UK's first large-scale ammonia heat pump uses ABB drives and motors
Two ABB low voltage motors and low harmonic variable speed drives (VSDs) are driving the compressors for a new high-tech heating system set to transform the way homes, businesses and public buildings in Clydebank, Scotland, are heated.
The District Heating Network is the first and largest high temperature (80 degrees Celsius) water source heat pump (WSHP) system in the UK. The scheme puts Queens Quay in Clydebank at the forefront of the race to Net Zero as a place to live and work. The WSHP works by extracting water from the River Clyde to generate heat for buildings on the site of the former John Brown Shipyard, now known as Queens Quay.
The site is being developed by West Dunbartonshire Council and delivered by main contractor Vital Energi. With Scotland's electrical grid amongst the lowest CO2 intensities in the world, this regularly sees heating available with over 90 percent fewer CO2 emissions than burning gas. Added benefits include zero local NOx emissions, which are increasingly recognised as a key factor in poor health.
The two, 2.65 MW WSHPs are designed, manufactured and installed by Star Refrigeration in Glasgow, and are part of the company's Neatpump range. The renewable energy heat pump extracts heat from the river's water by compressing the ammonia refrigerant in a high efficiency screw compressor. ABB's motors and drives are used to power the ammonia compressors, each rated at 836 kW. Applying variable speed control makes it possible to increase screw compressor capacity by over-speeding up to 60 Hz.
The compression process raises the water's temperature before releasing the heat via a heat exchanger, to a district heating loop at up to 80 degrees Celsius. Pumping water through a network of underground pipes provides heating for several hundred homes and businesses in Queens Quay.
Minimal energy input
Dave Pearson, group sustainable development director for Star Refrigeration, says: “Harnessing heat from a river is quite easy. We simply utilise the thermodynamic principles used in fridges, but with a focus on the heat produced. Where the hard work comes is doing this with the minimal amount of energy input from the electric motors.
"ABB supported our extensive analysis of dozens of data points to ensure we had the maximum flexibility, control and efficiency. This will be even more important when we modulate demand for electricity to help balance the grid; offloading in times of under generation and increasing demand to reduce the amount of wasted generation known as curtailment.

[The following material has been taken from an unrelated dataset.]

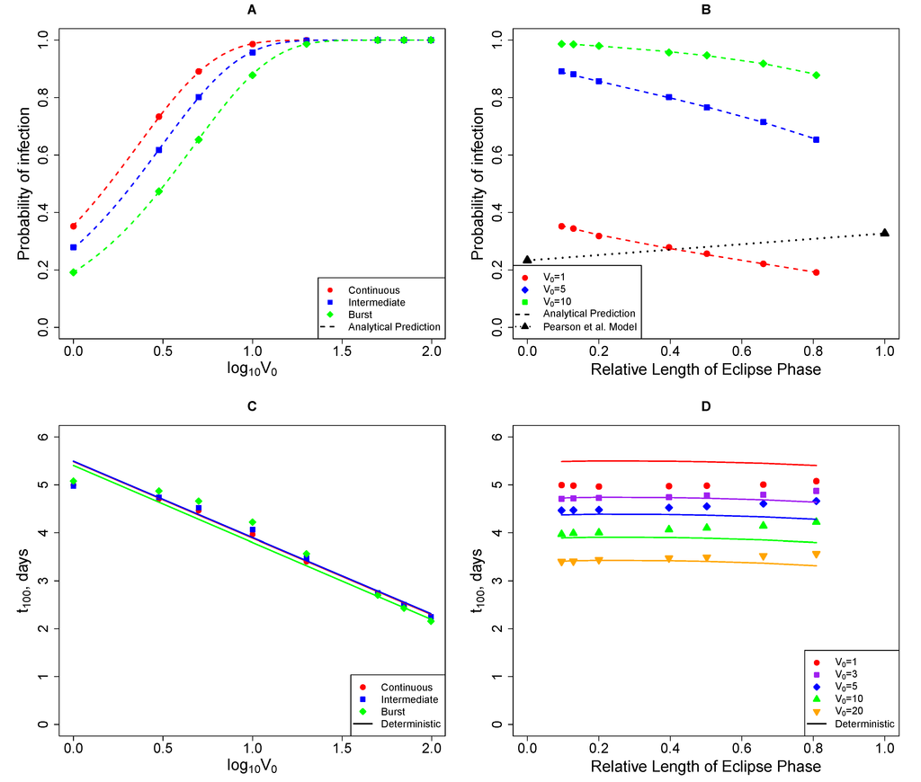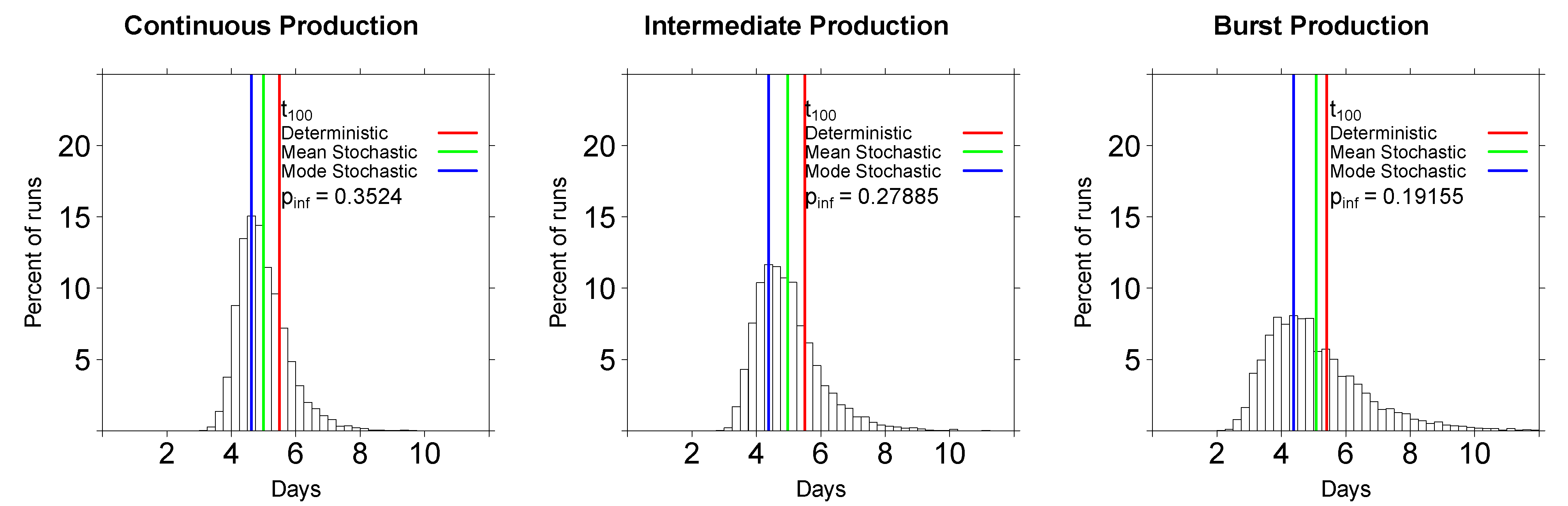 First, stochastic simulations predicted shorter average times to 100 viruses than the deterministic simulations, independently of the mode of virus production (Figure 3); the difference could reach 1 day for a particular set of parameters (Figure 4D). Second, the mode of virus production had little influence on the time to 100 viruses (Figure 3 and Figure 4), in contrast with a previous model [22]. Third, the mode of virus production influenced the variability in the times to 100 viruses, with a burst-like virus production resulting in more variable times to detection, consistent with previous observations [22]. The higher heterogeneity in t100 between different runs in the model with bursting virus production is expected, since some cells do not survive to make viruses. Lastly, and somewhat unexpectedly given previous results [22], a burst-like mode of virus production led to a lower probability of established infection, compared to a continuous/budding production mode (0.19 vs. 0.35, when starting with a single infectious virion for the parameters in Table 1, see also Figure 3 and Figure 4). This stems from the assumption that cells in the eclipse phase have a non-zero chance of dying, and thus, an increase in the duration of the eclipse phase reduces the chance that the cell will transition into a state of virus production.

"The ABB solution is a key part of this grid balancing opportunity. The really great thing about this heat pump is that we can deliver around six times as much heat as if the electricity was converted into hydrogen for combustion. No one should squander scarce resources.”
Most usefully, the VSDs reduce the starting current. Low harmonic VSDs were chosen to minimise harmonic interference on the mains supply. The VSDs exceed the requirements of EN 61000-3-12 and IEEE519 and offer genuine unity power factor with no compensation needed, thereby avoiding reactive power penalties. The standalone design of the VSD gives it a small footprint, minimizing space requirements in the control panel.